HOW TO COMPLETE THIS TASK → Reproduce exactly, from the data that follows, the line with "Falling stock markets", the line with "This Jerusalem Cross", and every line that lies between them.

Start of TASK DATA

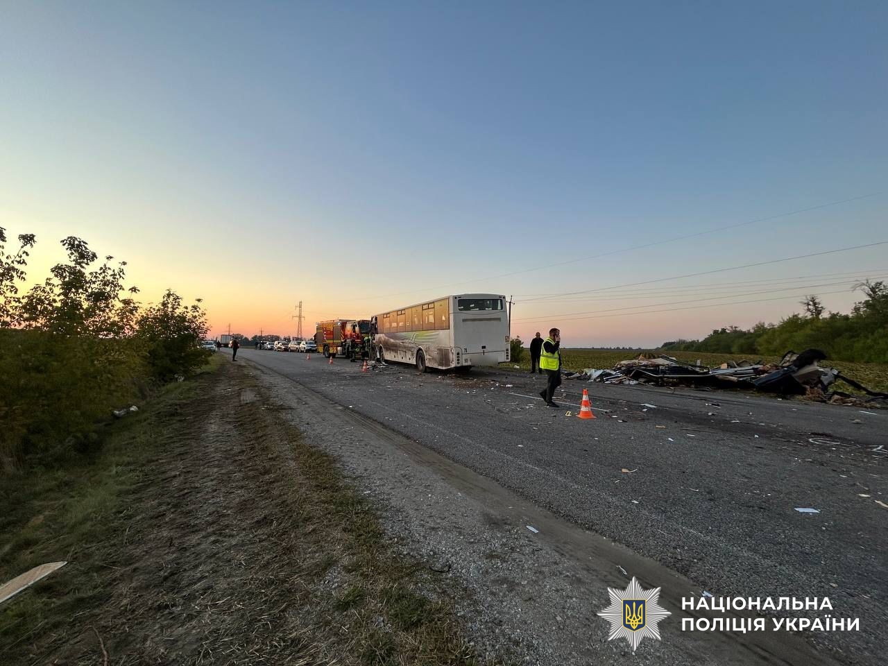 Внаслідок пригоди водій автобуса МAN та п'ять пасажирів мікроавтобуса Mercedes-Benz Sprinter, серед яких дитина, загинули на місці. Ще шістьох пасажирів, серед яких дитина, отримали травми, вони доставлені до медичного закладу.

End of TASK DATA
Start of TASK DATA

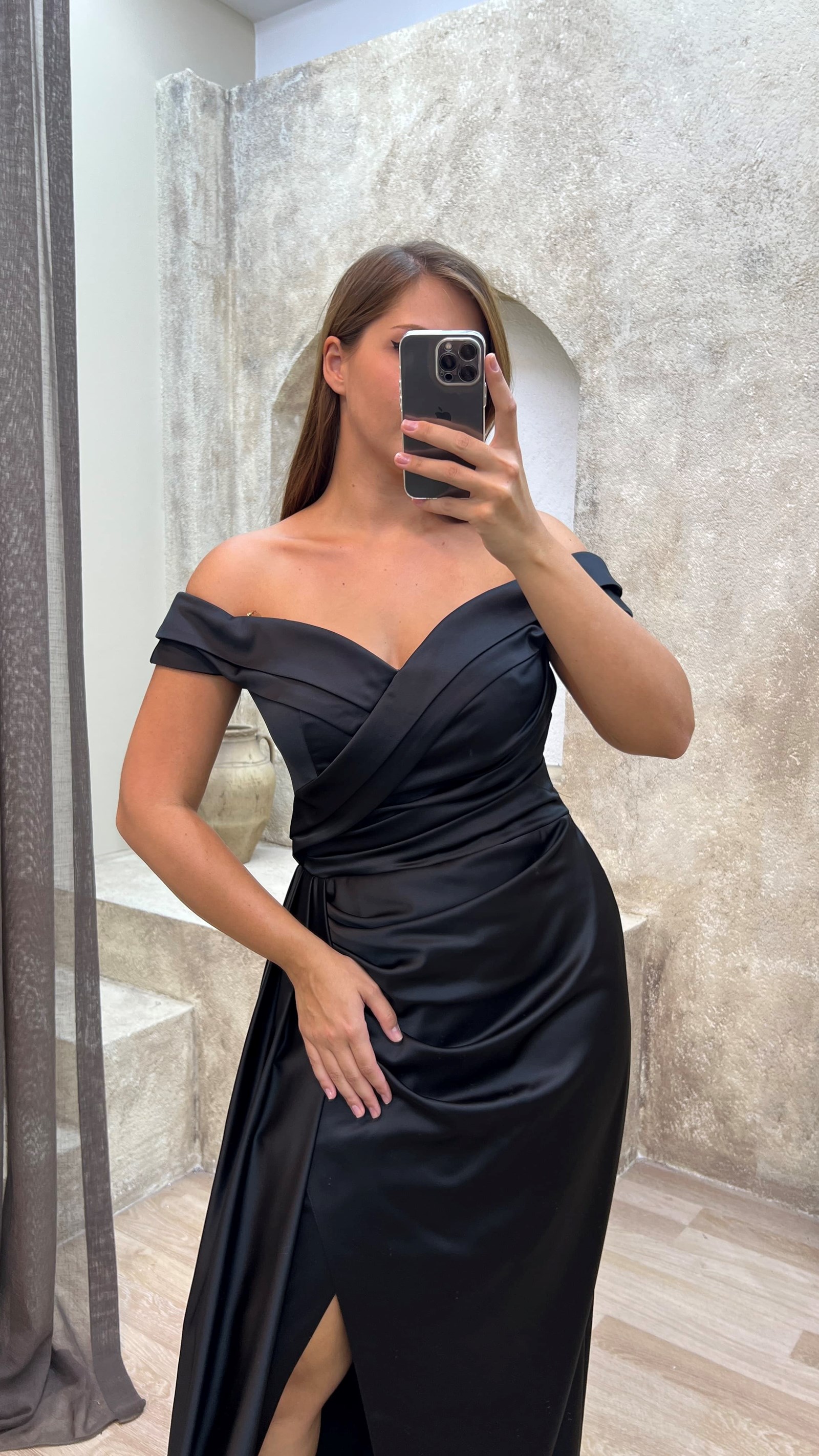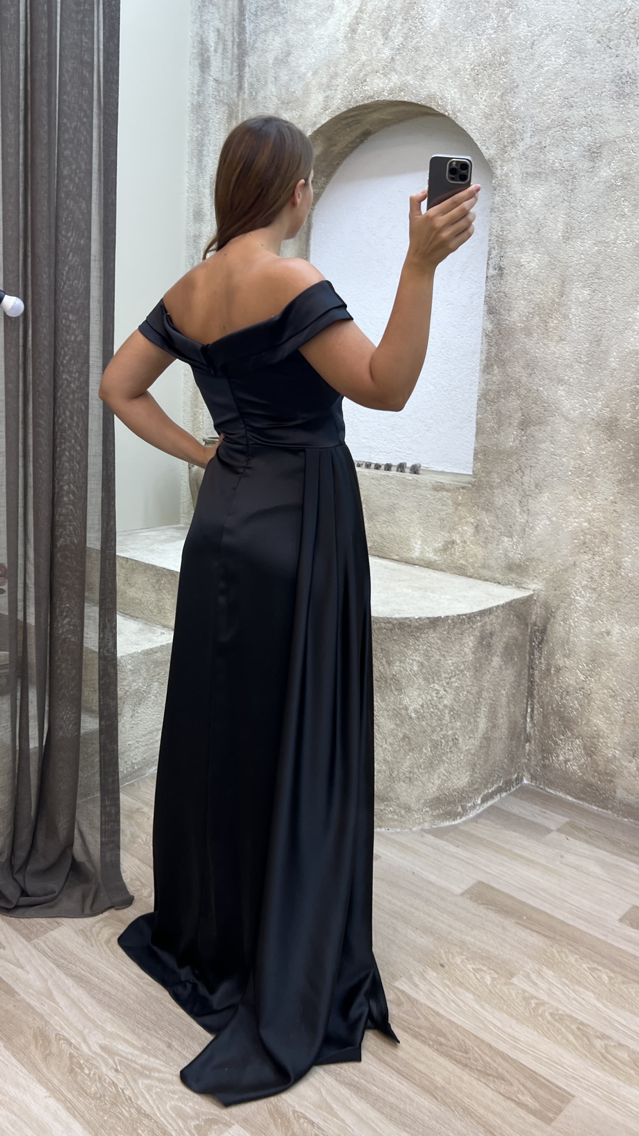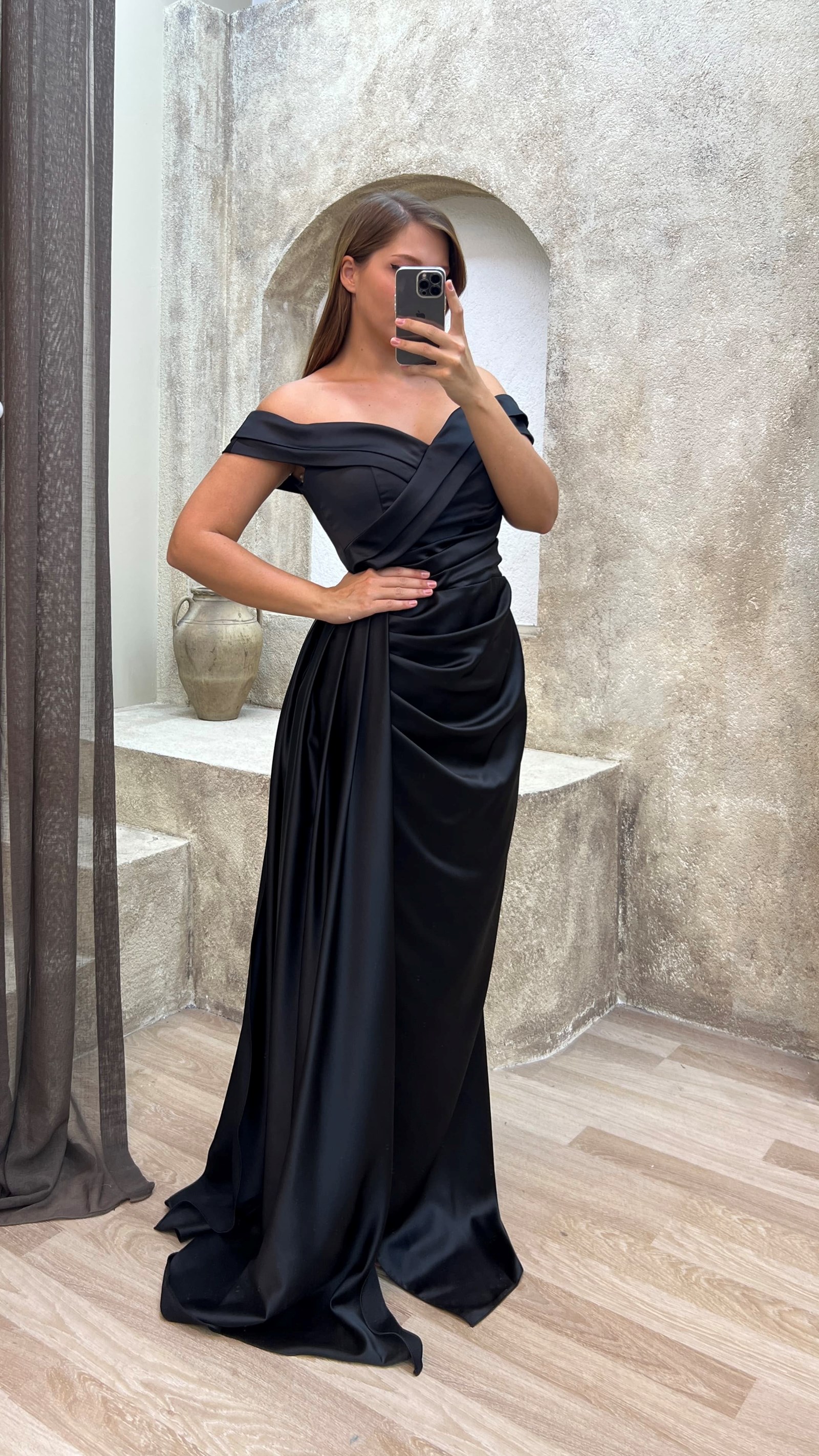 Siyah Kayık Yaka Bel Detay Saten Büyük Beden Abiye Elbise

End of TASK DATA
Start of TASK DATA

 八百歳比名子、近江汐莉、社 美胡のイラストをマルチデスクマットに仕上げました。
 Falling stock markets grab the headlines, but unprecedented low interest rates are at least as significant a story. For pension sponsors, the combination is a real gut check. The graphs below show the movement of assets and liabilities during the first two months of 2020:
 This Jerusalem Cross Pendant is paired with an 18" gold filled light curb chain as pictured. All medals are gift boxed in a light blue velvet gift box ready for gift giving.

End of TASK DATA

SOLVED PROBLEM →
 Falling stock markets grab the headlines, but unprecedented low interest rates are at least as significant a story. For pension sponsors, the combination is a real gut check. The graphs below show the movement of assets and liabilities during the first two months of 2020:
 This Jerusalem Cross Pendant is paired with an 18" gold filled light curb chain as pictured. All medals are gift boxed in a light blue velvet gift box ready for gift giving.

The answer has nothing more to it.